NOTICE: This order was filed under Supreme Court Rule 23 and may not be cited as precedent by any party except in the limited circumstances allowed under Rule 23(e)(1).
2020 IL App (3d) 180174-U
Order filed July 24, 2020 ____________________________________________________________________________
IN THE
APPELLATE COURT OF ILLINOIS
THIRD DISTRICT
THE PEOPLE OF THE STATE OF ) Appeal from the Circuit Court ILLINOIS, ) of the 10th Judicial Circuit, ) Tazewell County, Illinois. Plaintiff-Appellee, ) ) Appeal No. 3-18-0174 v. ) Circuit No. 15-DT-462 ) SEAN COCHREN, ) ) Honorable Frank W. Ierulli, Defendant-Appellant. ) Judge, Presiding. ____________________________________________________________________________
JUSTICE SCHMIDT delivered the judgment of the court. Justices McDade and O’Brien concurred in the judgment.
ORDER
¶1 Held: The State proved defendant’s guilt of driving under the influence beyond a reasonable doubt.
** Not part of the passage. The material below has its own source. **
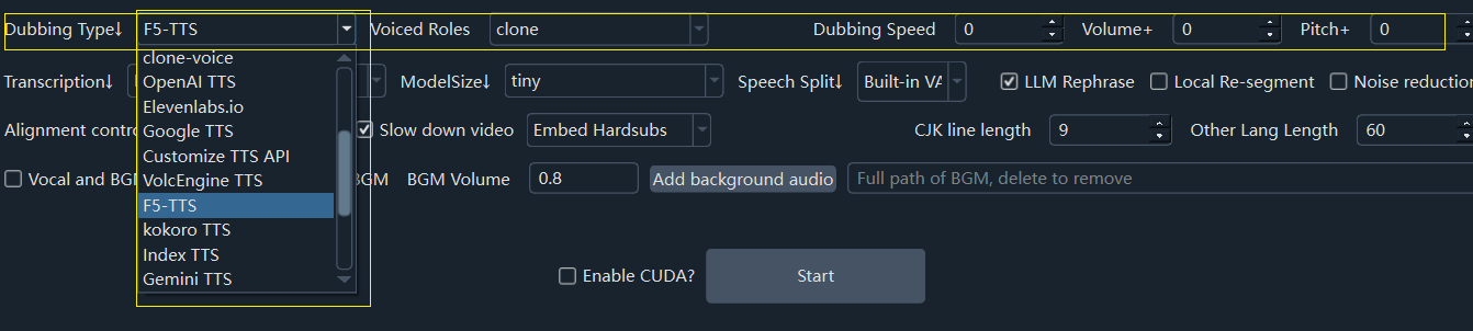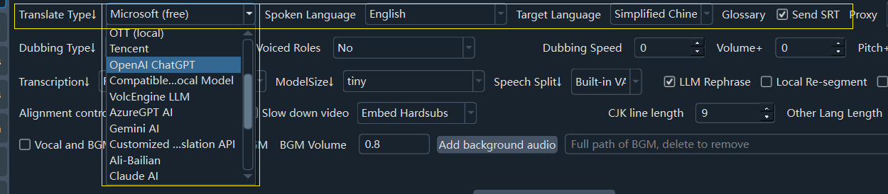 Dubbing Speedvalue (e.g.,10or15) to speed up dubbing, as English sentences are typically longer. - Check both
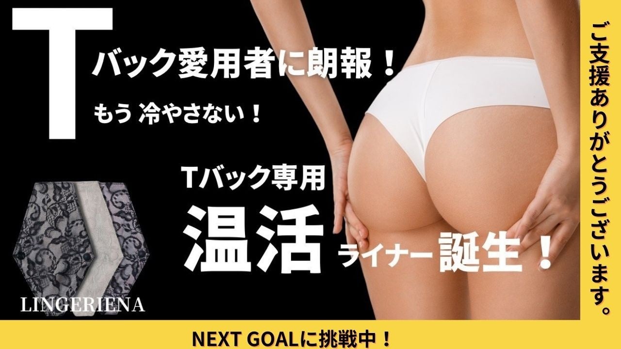 【Tバック専用ライナー】で温活ができるという画期的で今まで想像もしえなかった新しいプロダクトの可能性を後押しして下さる皆様に感謝し、終了日までのNEXT GOAL を1,000,000円に設定。

¶2 Defendant, Sean Cochren, appeals from his conviction for driving under the influence of
alcohol (DUI). He contends the State did not prove beyond a reasonable doubt that he committed
the offense. We affirm.
¶3 I. BACKGROUND ¶4 The State charged defendant with DUI (625 ILCS 5/11-501(a)(2) (West 2014)). The cause
proceeded to a jury trial.
¶5 Sergeant Jeffrey Miller testified that he was dispatched to a single-vehicle accident at
approximately 5 a.m. on September 27, 2015. When he arrived at the accident, he observed
defendant’s vehicle parked in the right-hand lane of the roadway. The vehicle was sitting in a large
puddle of fluid, with all four tires flat and two front airbags deployed. He observed a trail of fluid
from defendant’s vehicle back to a median where he saw tire marks and more fluid leading to
another median with tire marks and debris that appeared to be from a vehicle.
¶6 When defendant exited his vehicle, he appeared to be slightly unsteady on his feet. Miller
smelled an odor of an alcoholic beverage emitting from defendant’s breath. Defendant’s speech
was slurred, and his eyes were bloodshot and glassy. When Miller asked defendant what he hit
with his vehicle, defendant responded “nothing.” Later, he told police he had trouble with his tires
going flat. When an officer asked where he was coming from, defendant stated, he was coming
from the Chili’s restaurant where he worked.
¶7 Given these observations, Miller requested that defendant perform field sobriety tests. At
first, defendant did not respond to Miller’s request. After Miller repeated the question and told
defendant that he “wanted to make sure he was okay to drive, [defendant] stated obviously he can’t
drive.” Miller arrested defendant after he refused the field sobriety tests. At the police department,
Miller asked defendant to submit to an alcohol breath test. Defendant did not respond to Miller’s
request. Miller recorded the absence of a response as a refusal.
¶8 The State introduced into evidence the dash camera recording taken from Miller’s squad
car. The video showed the interaction between defendant and Miller at the scene. The video shows
Miller arriving at the scene of the accident. When defendant exited his vehicle, he appeared to
-2- sway. As Miller questioned defendant, defendant did not respond to many of Miller’s questions
and placed telephone calls. Defendant told Miller that he was trying to get a ride. At times,
defendant’s speech sounded slurred as he responded to Miller’s questions and spoke on his
telephone. Defendant denied jumping the median and claimed to not know what happened.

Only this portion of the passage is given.